[DATA LISTING Boundary: Start]

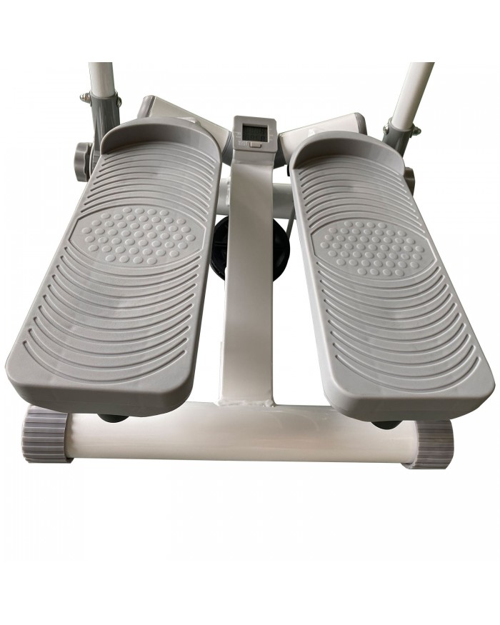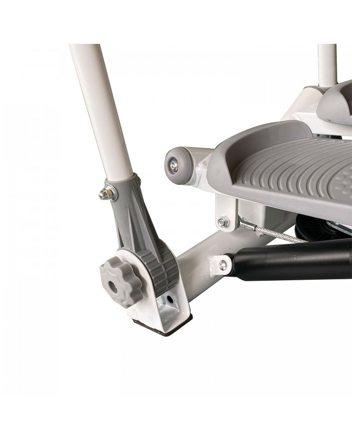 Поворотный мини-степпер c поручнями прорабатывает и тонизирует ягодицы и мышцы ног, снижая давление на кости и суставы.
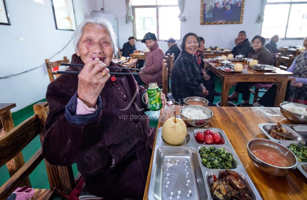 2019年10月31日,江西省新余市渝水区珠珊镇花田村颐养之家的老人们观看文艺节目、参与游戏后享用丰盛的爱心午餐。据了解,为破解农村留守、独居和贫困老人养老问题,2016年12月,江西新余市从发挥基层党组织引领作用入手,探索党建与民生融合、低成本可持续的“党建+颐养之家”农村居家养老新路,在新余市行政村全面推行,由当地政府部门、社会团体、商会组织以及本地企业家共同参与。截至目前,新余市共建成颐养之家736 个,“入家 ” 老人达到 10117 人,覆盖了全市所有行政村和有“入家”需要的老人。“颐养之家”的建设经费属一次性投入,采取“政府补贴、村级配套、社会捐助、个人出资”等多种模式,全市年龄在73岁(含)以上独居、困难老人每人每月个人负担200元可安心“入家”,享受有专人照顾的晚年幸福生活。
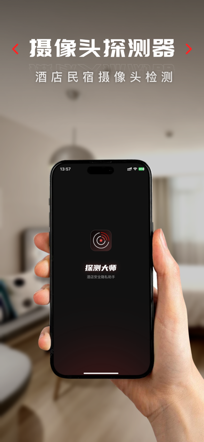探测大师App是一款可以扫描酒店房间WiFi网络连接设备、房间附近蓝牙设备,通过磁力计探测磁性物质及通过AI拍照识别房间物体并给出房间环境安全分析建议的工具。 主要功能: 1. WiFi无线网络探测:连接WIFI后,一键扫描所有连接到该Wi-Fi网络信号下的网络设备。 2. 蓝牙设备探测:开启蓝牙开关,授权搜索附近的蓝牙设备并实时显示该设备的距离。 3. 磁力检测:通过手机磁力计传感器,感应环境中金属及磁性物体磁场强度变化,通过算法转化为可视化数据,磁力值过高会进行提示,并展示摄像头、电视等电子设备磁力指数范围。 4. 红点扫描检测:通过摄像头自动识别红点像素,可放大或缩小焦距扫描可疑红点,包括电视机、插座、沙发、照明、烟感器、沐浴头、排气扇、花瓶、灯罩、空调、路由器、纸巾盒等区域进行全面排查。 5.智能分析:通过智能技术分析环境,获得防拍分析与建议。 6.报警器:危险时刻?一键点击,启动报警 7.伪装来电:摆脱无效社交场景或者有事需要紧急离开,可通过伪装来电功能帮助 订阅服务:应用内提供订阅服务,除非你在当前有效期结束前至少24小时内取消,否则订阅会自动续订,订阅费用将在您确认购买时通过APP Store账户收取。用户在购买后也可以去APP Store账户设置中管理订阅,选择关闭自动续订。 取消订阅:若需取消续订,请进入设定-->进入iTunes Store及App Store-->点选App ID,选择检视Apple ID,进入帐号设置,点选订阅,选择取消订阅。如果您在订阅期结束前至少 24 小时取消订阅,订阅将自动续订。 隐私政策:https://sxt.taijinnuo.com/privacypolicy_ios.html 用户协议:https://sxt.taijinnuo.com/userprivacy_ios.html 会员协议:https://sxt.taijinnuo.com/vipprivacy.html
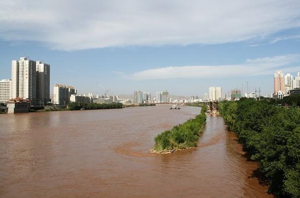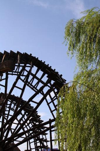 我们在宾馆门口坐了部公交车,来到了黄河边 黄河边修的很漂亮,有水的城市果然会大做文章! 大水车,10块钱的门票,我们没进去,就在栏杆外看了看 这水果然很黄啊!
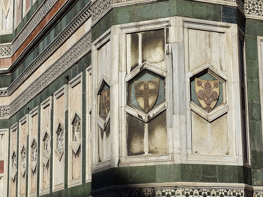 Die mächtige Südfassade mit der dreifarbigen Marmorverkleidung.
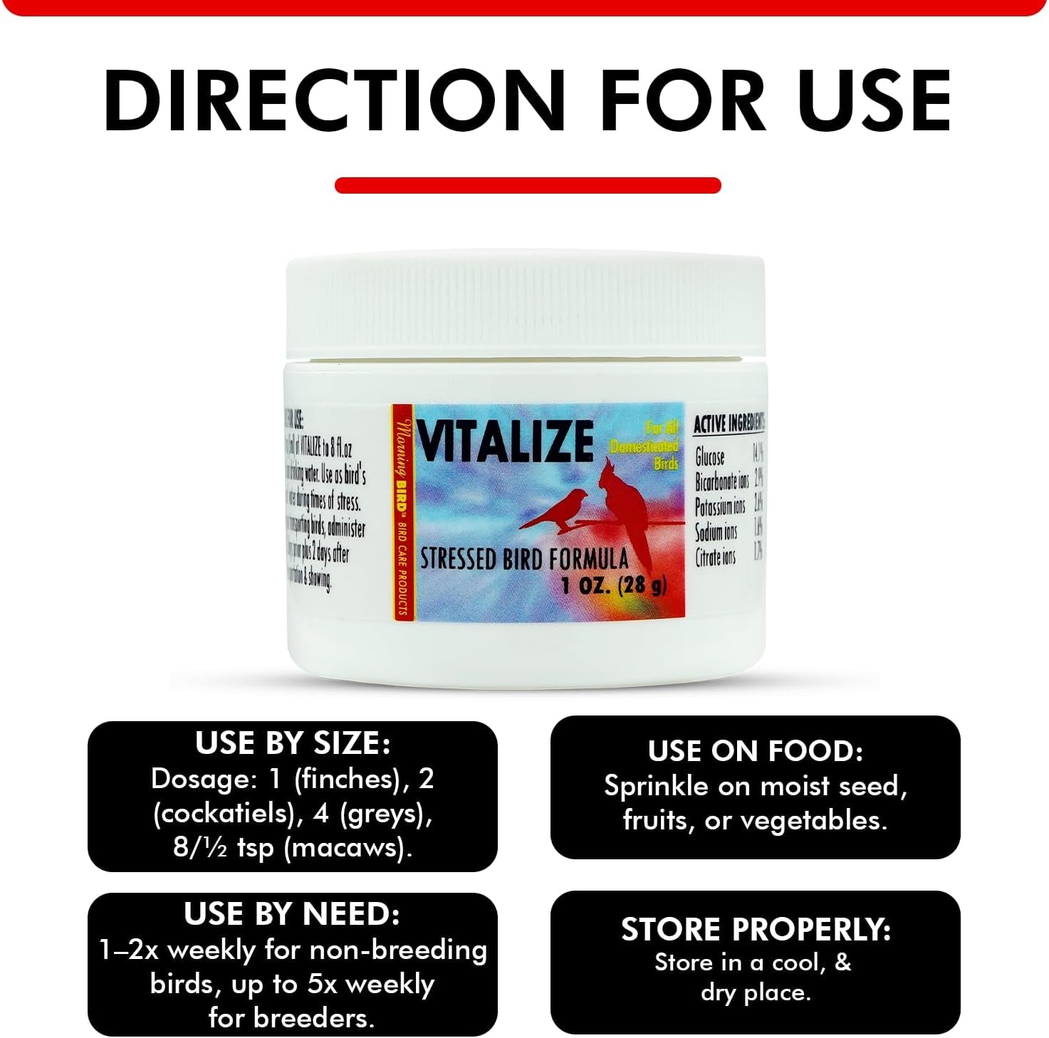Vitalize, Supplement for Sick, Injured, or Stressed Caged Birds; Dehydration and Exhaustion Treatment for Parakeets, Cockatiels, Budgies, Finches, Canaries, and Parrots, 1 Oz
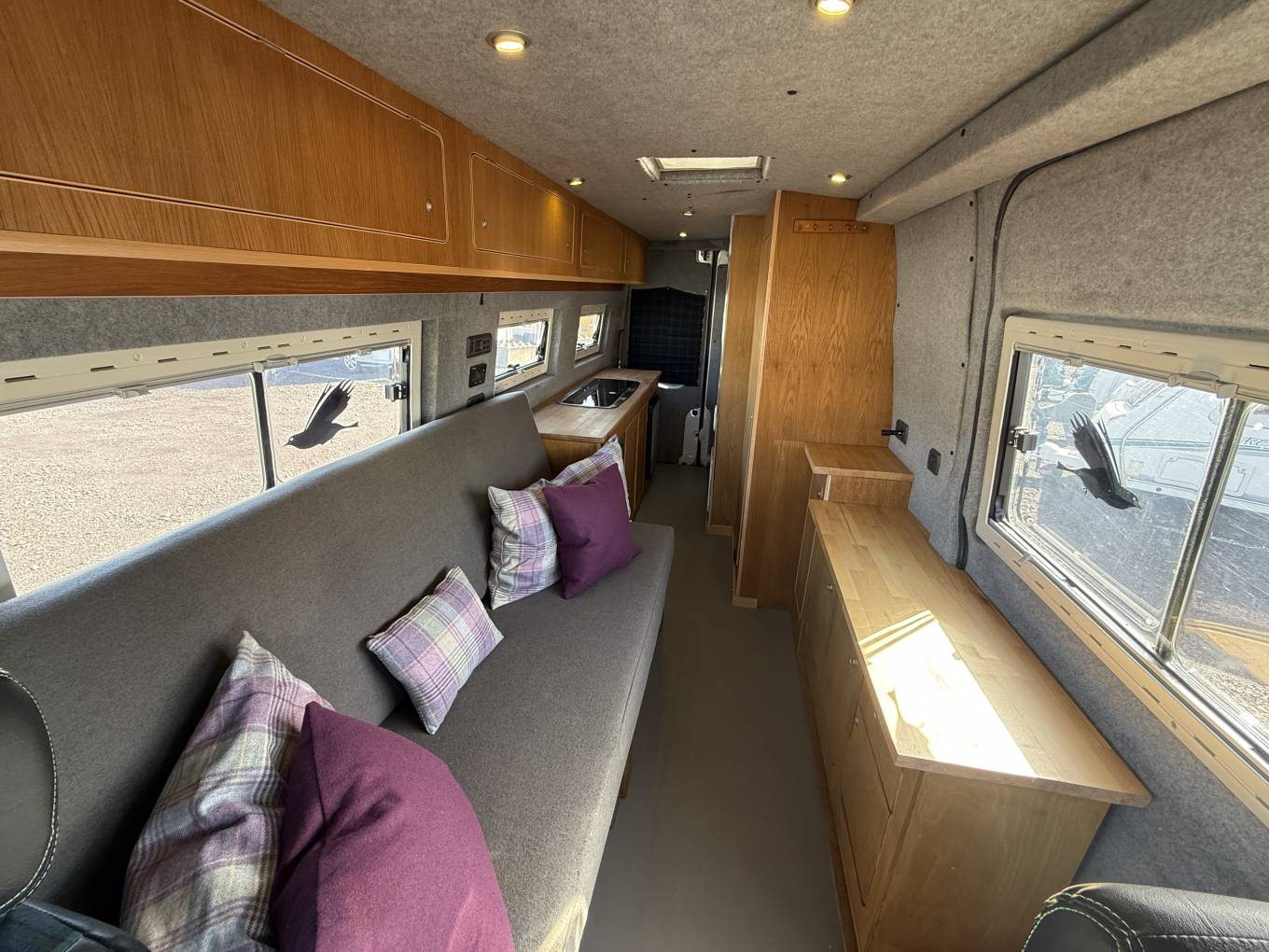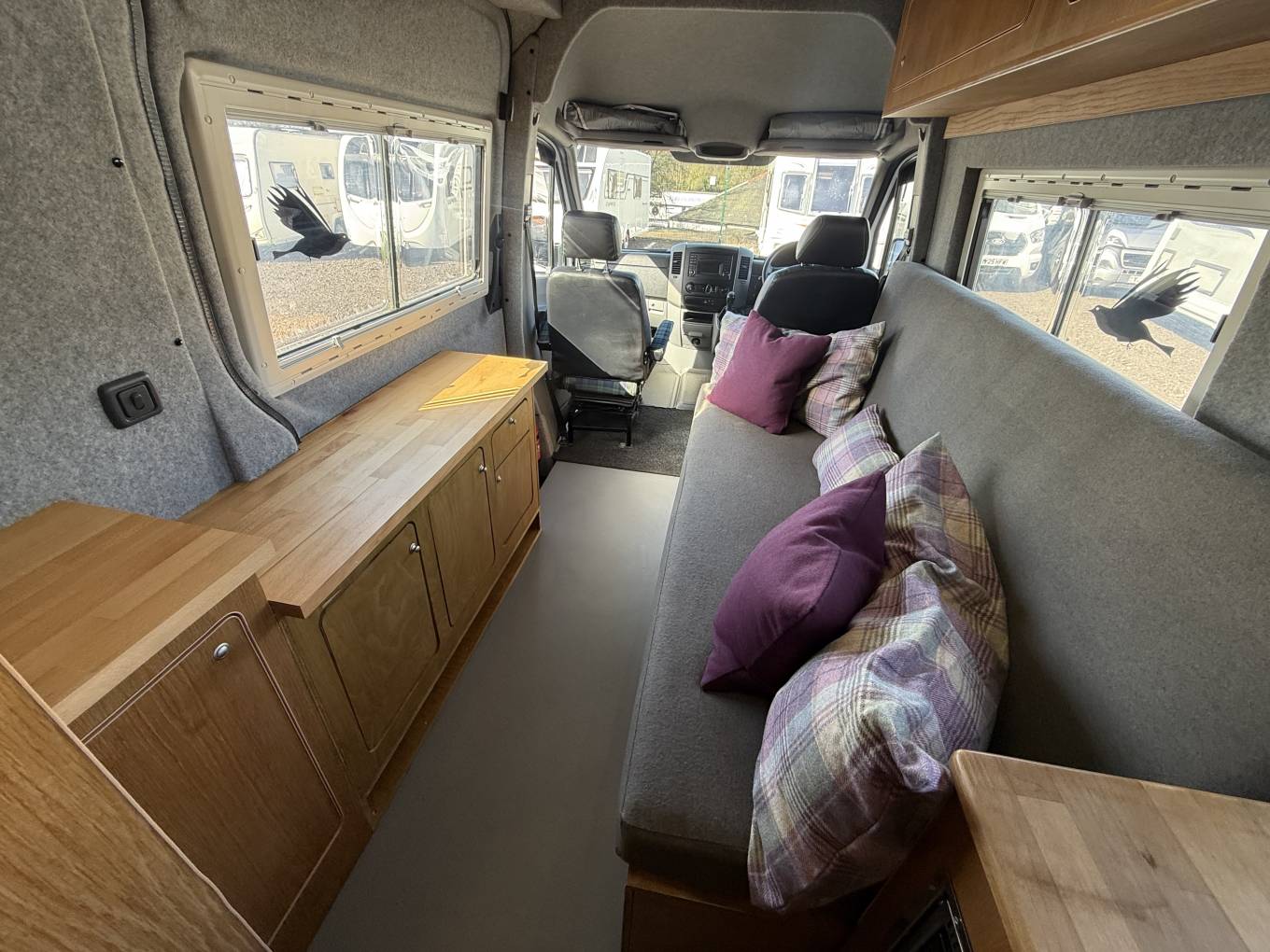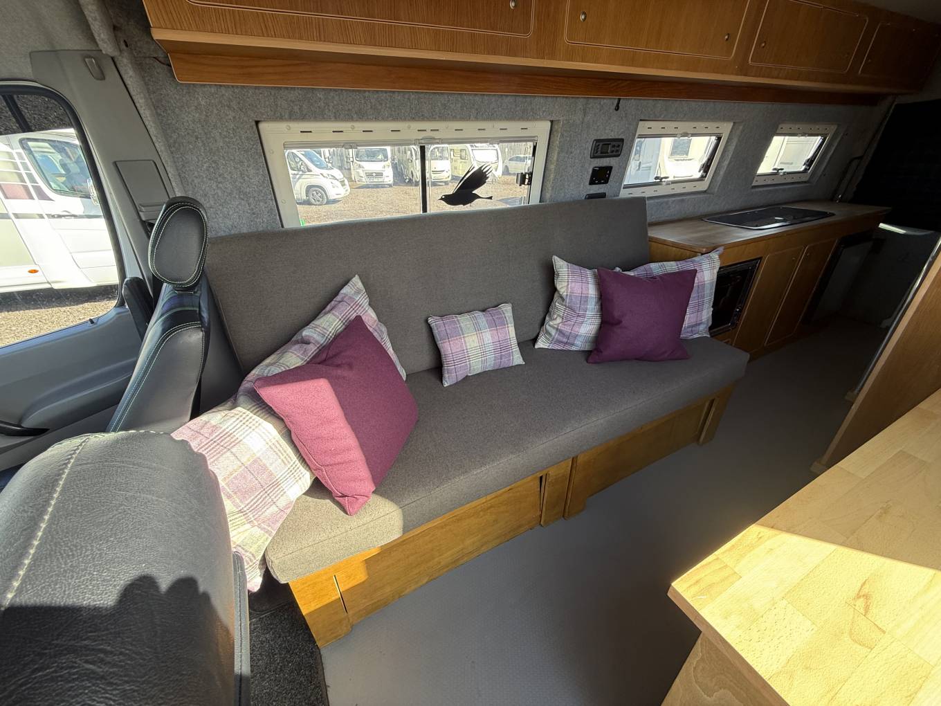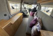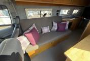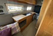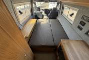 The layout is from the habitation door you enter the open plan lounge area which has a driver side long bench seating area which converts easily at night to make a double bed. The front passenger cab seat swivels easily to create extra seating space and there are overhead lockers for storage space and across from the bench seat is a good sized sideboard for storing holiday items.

[DATA LISTING Boundary: End]

- _WORK TO COMPLETE_: The line that contains "黄河边修的很漂亮,有水的城市果然会大做文章! 大水车,10块钱的门票,我们没进去,就在栏杆外看了看 这水果然很黄啊!" opens the part to copy, and the last line of the records closes it; set down those lines exactly, pictures excluded.

- _WORKED SOLUTION_:
 我们在宾馆门口坐了部公交车,来到了黄河边 黄河边修的很漂亮,有水的城市果然会大做文章! 大水车,10块钱的门票,我们没进去,就在栏杆外看了看 这水果然很黄啊!
 Die mächtige Südfassade mit der dreifarbigen Marmorverkleidung.
Vitalize, Supplement for Sick, Injured, or Stressed Caged Birds; Dehydration and Exhaustion Treatment for Parakeets, Cockatiels, Budgies, Finches, Canaries, and Parrots, 1 Oz
 The layout is from the habitation door you enter the open plan lounge area which has a driver side long bench seating area which converts easily at night to make a double bed. The front passenger cab seat swivels easily to create extra seating space and there are overhead lockers for storage space and across from the bench seat is a good sized sideboard for storing holiday items.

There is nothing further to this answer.